**EXERCISE BRIEF**.
Your answer must hold only the lines below from the line containing "chips or cracks." through the line containing "烟酰胺保湿冻干 干面 面膜保湿蚕天丝保湿化妆水润嫩肤亮肤修护敏", each reproduced exactly.

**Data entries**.
━━━━━━
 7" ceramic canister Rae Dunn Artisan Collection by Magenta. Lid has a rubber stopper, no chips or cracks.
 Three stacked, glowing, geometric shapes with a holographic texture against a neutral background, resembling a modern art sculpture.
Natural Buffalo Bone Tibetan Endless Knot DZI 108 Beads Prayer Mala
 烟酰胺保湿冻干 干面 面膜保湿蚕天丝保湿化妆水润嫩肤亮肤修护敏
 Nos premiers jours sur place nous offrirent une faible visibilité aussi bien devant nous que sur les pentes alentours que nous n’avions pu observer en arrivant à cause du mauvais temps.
━━━━━━
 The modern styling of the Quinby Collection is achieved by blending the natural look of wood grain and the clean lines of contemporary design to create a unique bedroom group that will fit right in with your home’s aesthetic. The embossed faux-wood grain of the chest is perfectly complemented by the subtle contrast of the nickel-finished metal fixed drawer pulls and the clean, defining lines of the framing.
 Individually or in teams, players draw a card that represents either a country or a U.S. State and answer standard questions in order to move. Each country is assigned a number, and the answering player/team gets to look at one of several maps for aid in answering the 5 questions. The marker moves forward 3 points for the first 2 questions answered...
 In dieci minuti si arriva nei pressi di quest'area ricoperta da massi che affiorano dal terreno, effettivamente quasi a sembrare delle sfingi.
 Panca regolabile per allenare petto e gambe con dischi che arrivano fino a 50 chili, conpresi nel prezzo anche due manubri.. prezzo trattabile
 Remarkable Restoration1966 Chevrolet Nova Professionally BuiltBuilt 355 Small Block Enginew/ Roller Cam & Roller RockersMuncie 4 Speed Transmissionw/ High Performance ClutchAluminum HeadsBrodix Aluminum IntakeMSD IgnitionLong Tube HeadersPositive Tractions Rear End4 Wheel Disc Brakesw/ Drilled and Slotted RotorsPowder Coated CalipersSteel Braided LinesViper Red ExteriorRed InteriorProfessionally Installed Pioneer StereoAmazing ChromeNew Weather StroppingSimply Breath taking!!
━━━━━━
**ANSWER**.
 7" ceramic canister Rae Dunn Artisan Collection by Magenta. Lid has a rubber stopper, no chips or cracks.
 Three stacked, glowing, geometric shapes with a holographic texture against a neutral background, resembling a modern art sculpture.
Natural Buffalo Bone Tibetan Endless Knot DZI 108 Beads Prayer Mala
 烟酰胺保湿冻干 干面 面膜保湿蚕天丝保湿化妆水润嫩肤亮肤修护敏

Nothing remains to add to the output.